## Directions for this task
All pictures are to be omitted while the lines starting at the line with "Includes plate-AWS, (4)" and ending at the line with "- 在资产管理页面中,单击页" in the material below are retyped exactly, both ends included.
═════ Entries supplied ═════
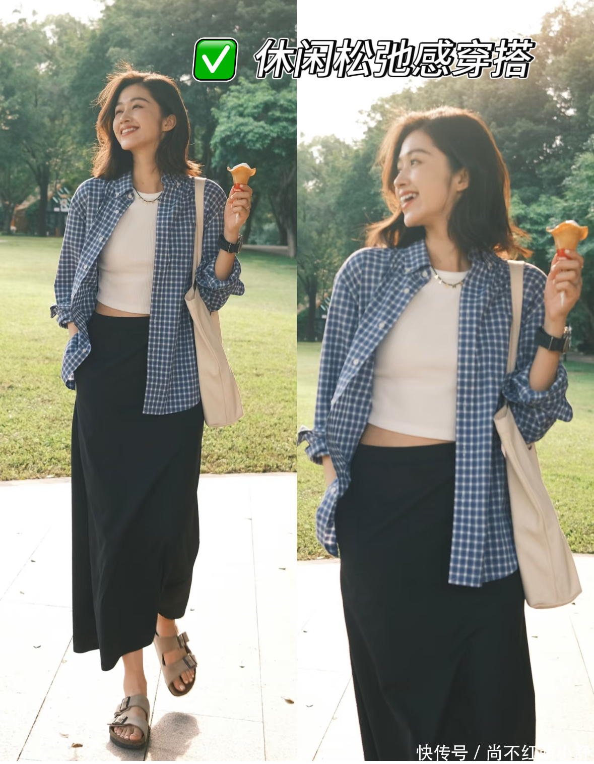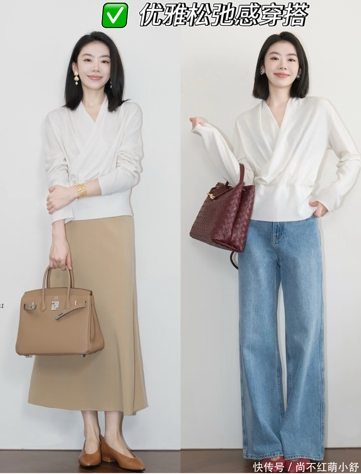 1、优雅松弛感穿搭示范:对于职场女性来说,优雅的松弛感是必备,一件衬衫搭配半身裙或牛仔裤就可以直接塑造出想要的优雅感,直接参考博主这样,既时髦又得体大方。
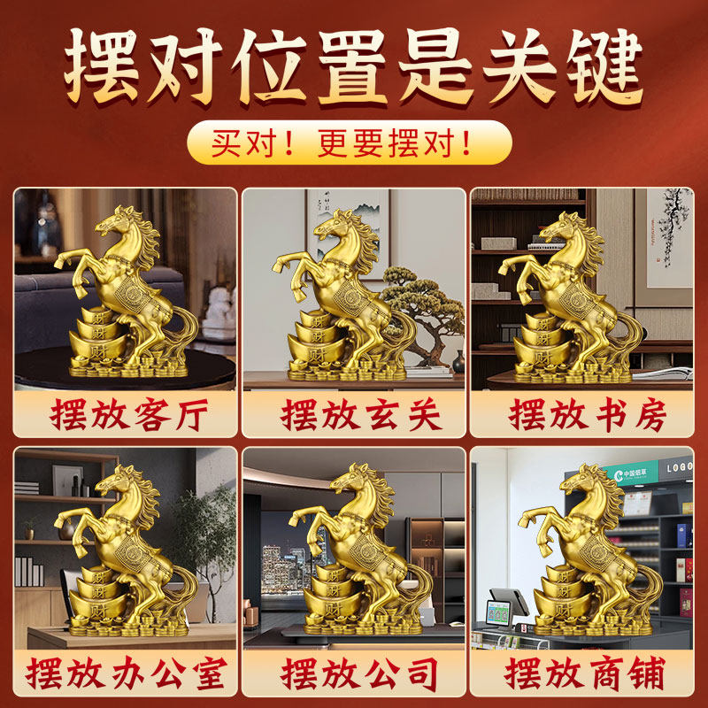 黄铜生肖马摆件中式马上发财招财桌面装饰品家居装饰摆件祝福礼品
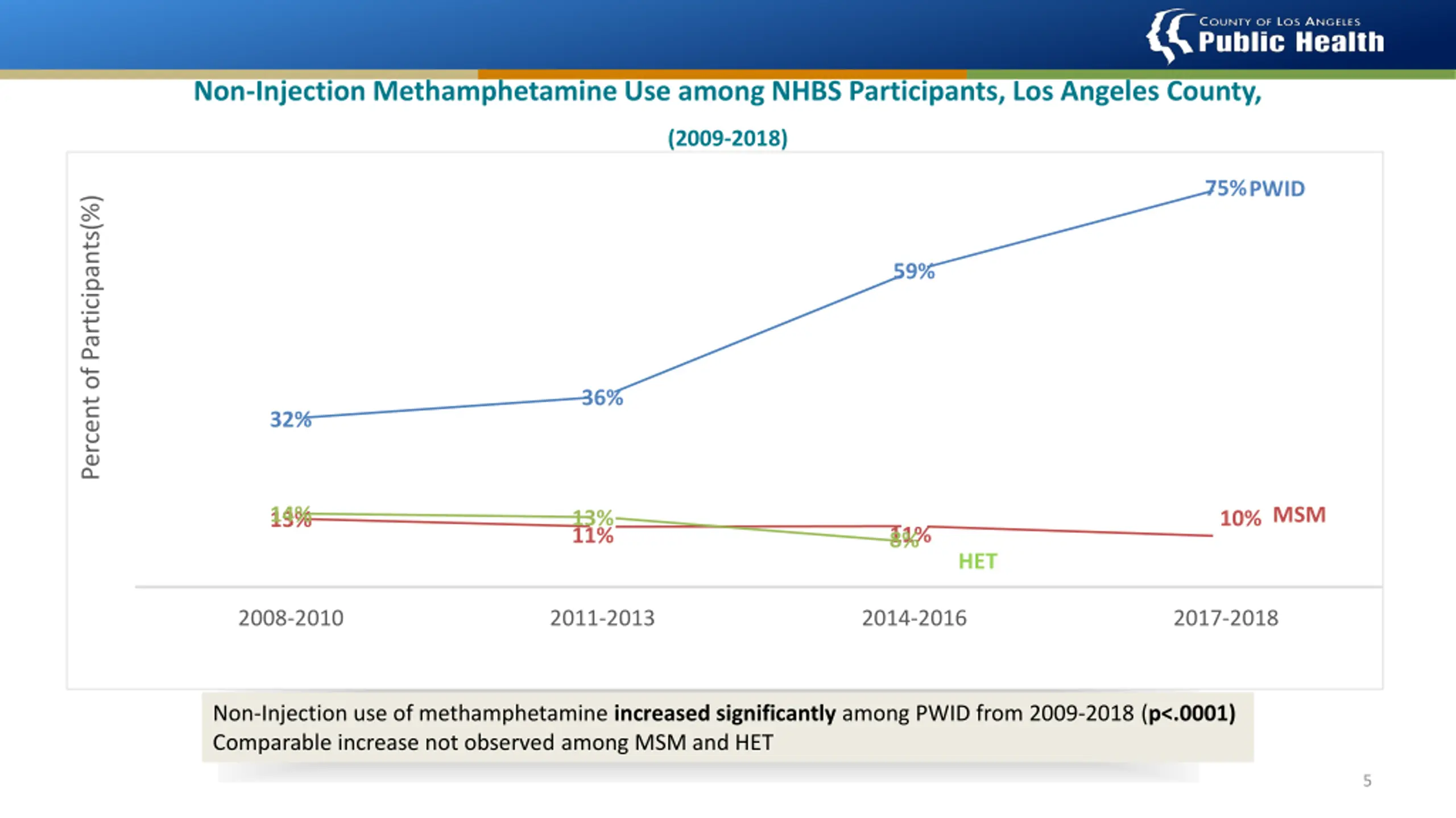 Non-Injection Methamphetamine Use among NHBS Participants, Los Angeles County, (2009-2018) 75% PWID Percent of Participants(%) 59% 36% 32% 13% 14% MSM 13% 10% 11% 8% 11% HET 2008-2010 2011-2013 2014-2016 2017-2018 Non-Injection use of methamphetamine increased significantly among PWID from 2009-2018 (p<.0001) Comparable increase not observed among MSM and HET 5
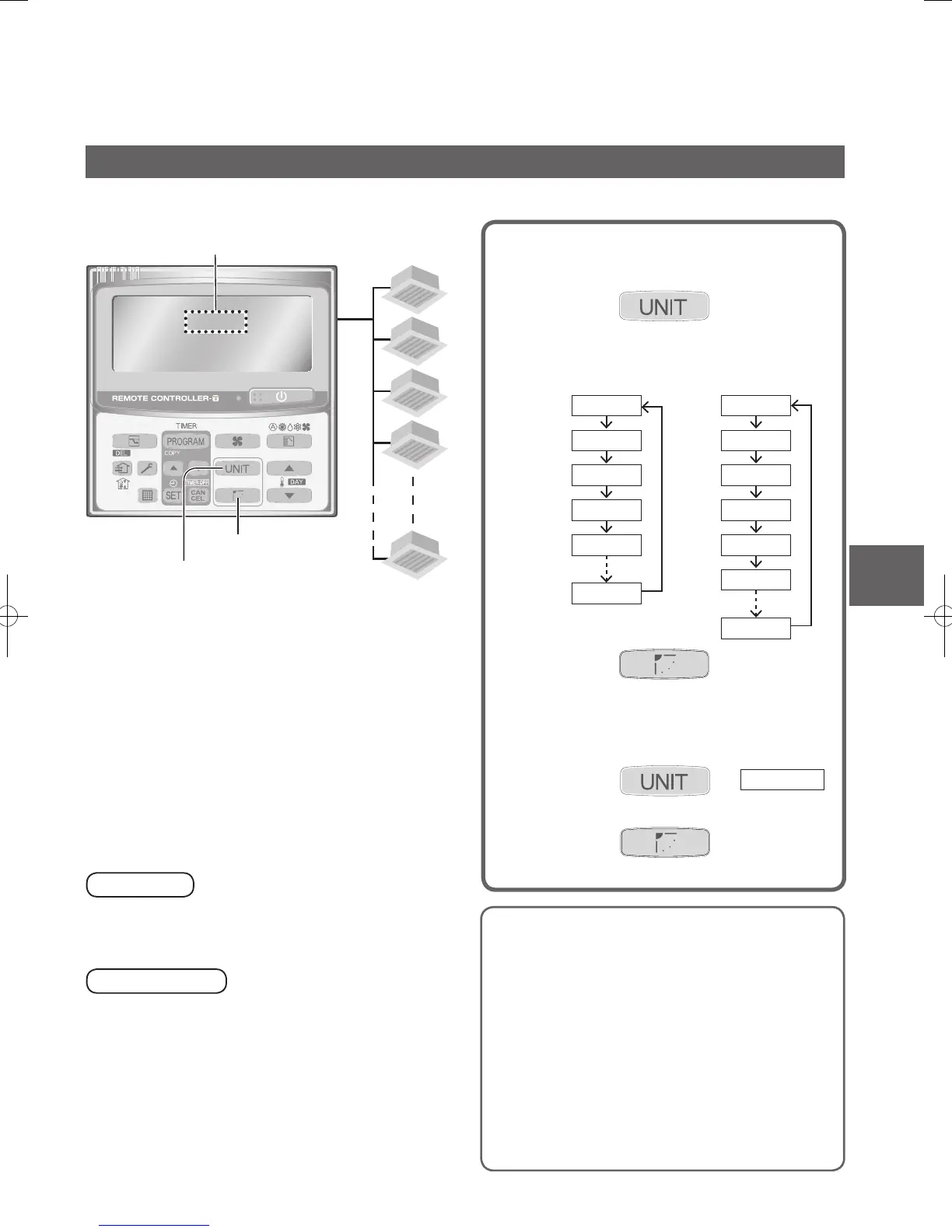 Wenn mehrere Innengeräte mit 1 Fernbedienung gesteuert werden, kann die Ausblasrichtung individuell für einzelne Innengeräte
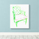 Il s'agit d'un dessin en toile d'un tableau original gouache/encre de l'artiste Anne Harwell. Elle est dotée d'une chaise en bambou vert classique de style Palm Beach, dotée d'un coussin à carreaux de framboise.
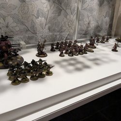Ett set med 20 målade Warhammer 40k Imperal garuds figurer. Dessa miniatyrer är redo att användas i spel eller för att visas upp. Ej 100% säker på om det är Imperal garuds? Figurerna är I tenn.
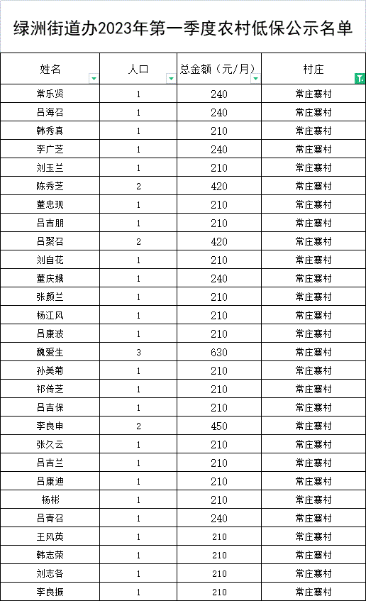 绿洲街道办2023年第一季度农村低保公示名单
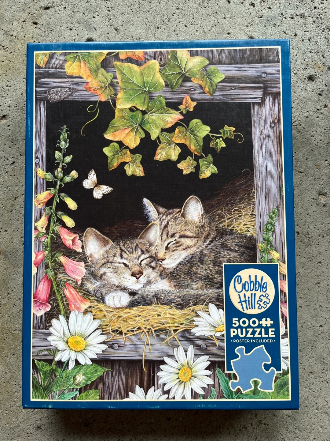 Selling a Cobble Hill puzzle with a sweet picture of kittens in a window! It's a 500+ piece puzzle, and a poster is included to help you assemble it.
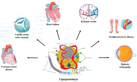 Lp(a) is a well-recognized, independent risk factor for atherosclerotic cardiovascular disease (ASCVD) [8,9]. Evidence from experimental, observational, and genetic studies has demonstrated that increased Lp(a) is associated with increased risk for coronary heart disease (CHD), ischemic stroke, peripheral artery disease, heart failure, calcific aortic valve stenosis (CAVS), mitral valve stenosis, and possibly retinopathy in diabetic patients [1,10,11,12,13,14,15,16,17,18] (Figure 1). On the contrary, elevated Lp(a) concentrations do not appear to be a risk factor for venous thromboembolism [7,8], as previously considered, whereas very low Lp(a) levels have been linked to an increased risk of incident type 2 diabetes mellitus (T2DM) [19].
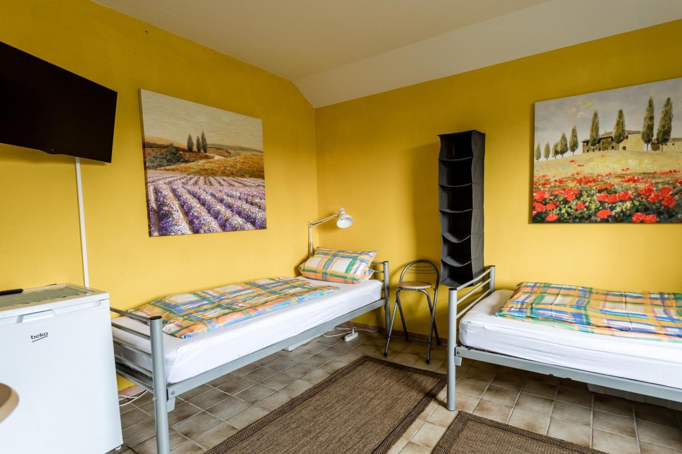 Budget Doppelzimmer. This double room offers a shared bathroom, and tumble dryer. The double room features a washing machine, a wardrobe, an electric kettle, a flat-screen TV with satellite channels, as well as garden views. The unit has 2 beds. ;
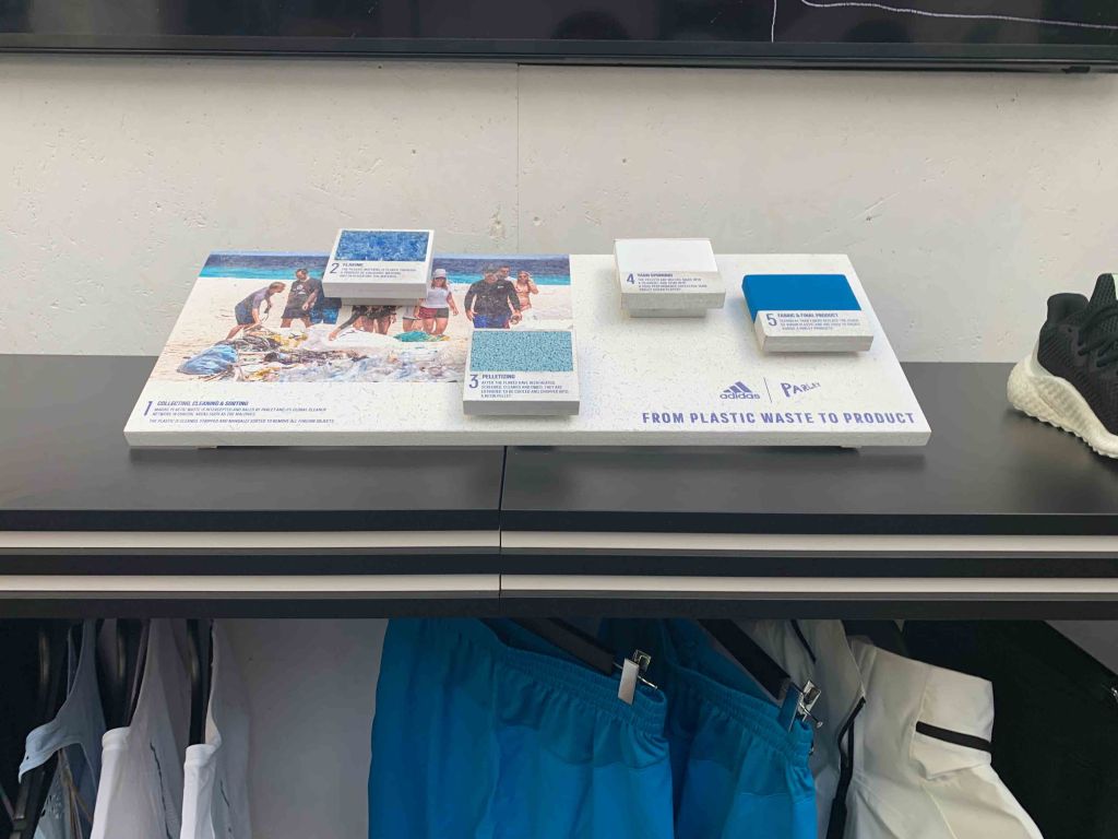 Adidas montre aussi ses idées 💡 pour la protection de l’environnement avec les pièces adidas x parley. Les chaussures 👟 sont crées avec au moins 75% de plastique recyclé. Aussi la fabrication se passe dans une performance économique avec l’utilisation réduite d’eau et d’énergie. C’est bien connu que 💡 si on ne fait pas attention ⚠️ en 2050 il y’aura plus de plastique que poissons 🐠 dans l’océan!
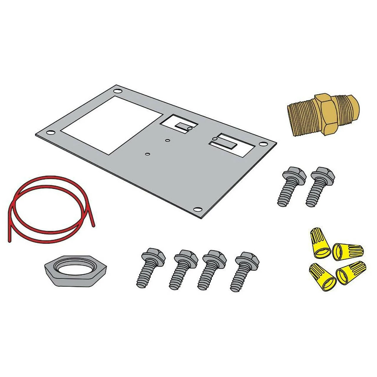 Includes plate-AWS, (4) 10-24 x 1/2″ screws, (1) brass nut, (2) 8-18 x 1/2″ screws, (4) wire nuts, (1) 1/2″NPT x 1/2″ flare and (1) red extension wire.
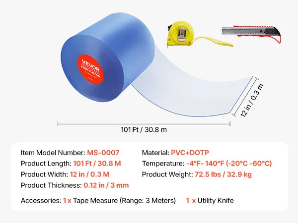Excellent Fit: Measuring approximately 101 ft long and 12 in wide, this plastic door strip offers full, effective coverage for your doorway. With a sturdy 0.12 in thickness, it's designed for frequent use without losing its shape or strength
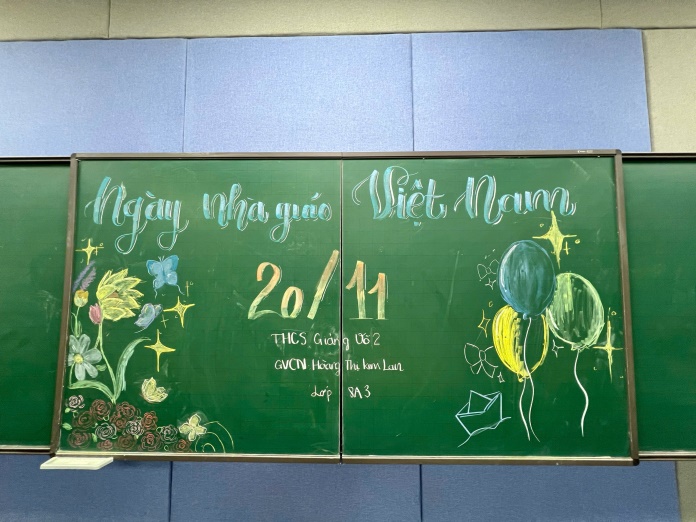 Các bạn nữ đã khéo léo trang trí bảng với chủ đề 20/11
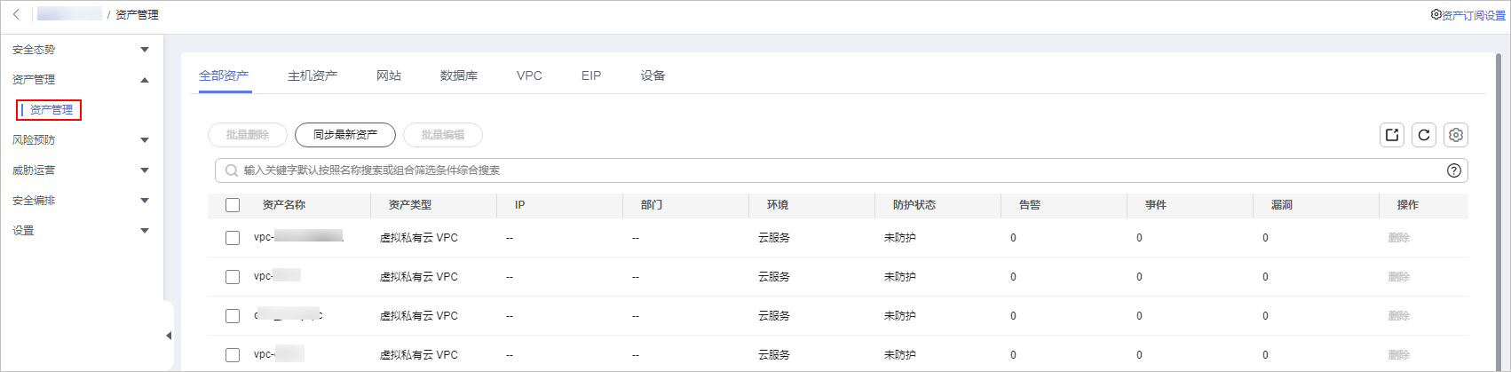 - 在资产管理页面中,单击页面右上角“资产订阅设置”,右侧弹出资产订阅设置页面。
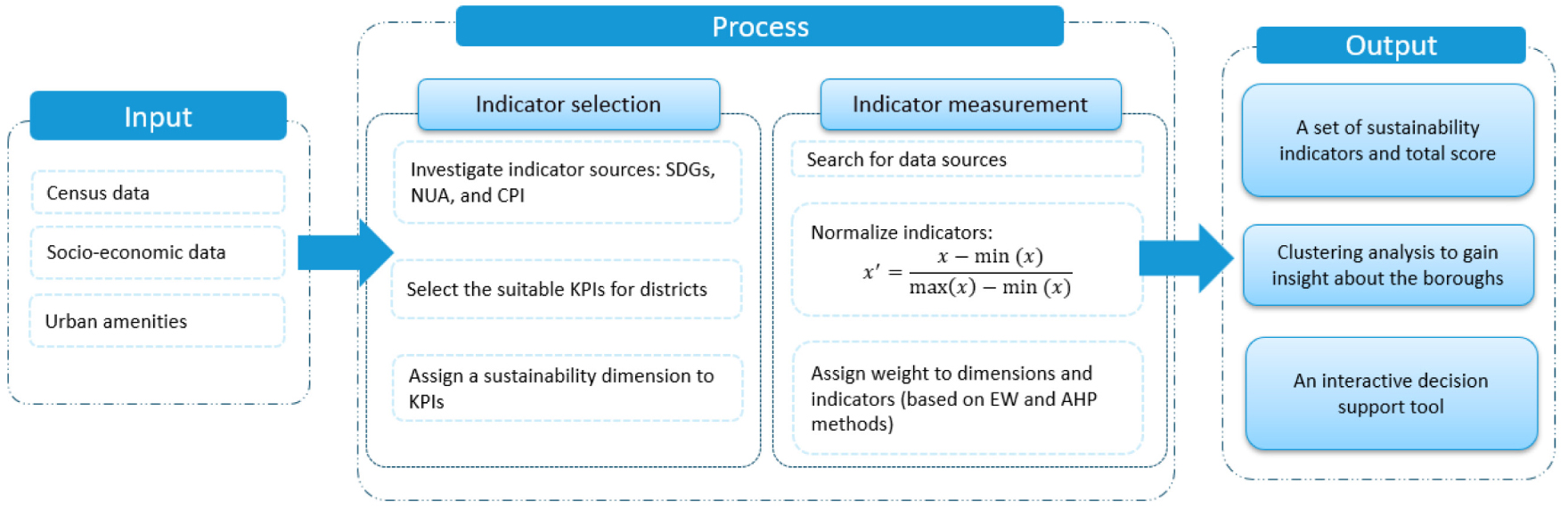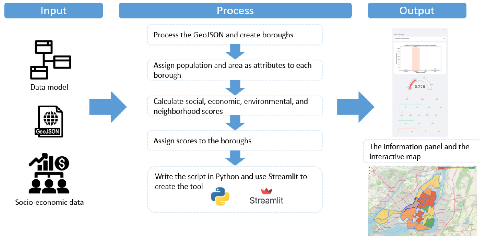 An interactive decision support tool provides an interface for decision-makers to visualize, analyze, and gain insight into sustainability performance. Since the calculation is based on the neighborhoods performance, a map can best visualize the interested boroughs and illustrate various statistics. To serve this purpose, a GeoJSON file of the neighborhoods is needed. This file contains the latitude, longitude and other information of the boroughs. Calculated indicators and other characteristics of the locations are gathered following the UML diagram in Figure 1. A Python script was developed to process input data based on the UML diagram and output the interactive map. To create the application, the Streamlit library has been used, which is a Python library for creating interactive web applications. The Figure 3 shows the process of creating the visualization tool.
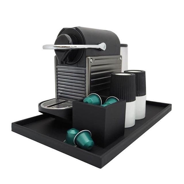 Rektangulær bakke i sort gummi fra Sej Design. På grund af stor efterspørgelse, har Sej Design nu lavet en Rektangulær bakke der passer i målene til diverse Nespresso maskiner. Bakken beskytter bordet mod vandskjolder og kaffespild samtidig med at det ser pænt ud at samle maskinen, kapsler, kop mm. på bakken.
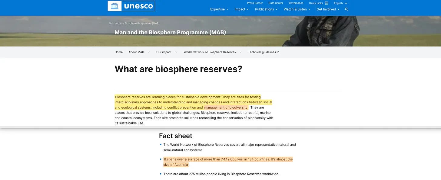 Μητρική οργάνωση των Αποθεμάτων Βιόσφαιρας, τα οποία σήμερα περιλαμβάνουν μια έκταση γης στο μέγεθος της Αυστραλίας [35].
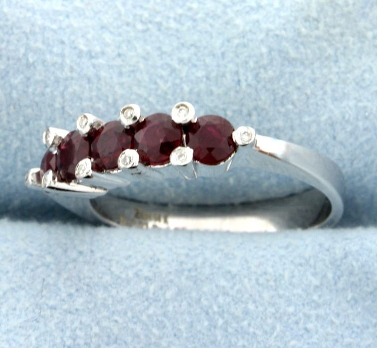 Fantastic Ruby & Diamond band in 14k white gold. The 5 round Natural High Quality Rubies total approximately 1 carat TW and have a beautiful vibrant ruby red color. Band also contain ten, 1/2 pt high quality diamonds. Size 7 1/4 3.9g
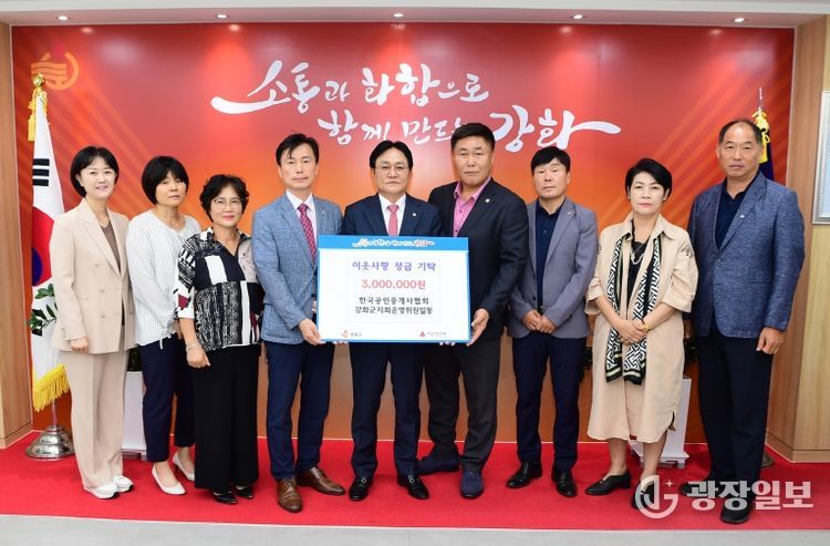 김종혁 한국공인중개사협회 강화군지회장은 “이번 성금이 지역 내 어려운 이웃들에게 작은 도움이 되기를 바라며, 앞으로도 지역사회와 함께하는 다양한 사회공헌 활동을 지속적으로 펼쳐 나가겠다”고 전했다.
═════
## Solution for this problem
 Includes plate-AWS, (4) 10-24 x 1/2″ screws, (1) brass nut, (2) 8-18 x 1/2″ screws, (4) wire nuts, (1) 1/2″NPT x 1/2″ flare and (1) red extension wire.
Excellent Fit: Measuring approximately 101 ft long and 12 in wide, this plastic door strip offers full, effective coverage for your doorway. With a sturdy 0.12 in thickness, it's designed for frequent use without losing its shape or strength
 Các bạn nữ đã khéo léo trang trí bảng với chủ đề 20/11
 - 在资产管理页面中,单击页面右上角“资产订阅设置”,右侧弹出资产订阅设置页面。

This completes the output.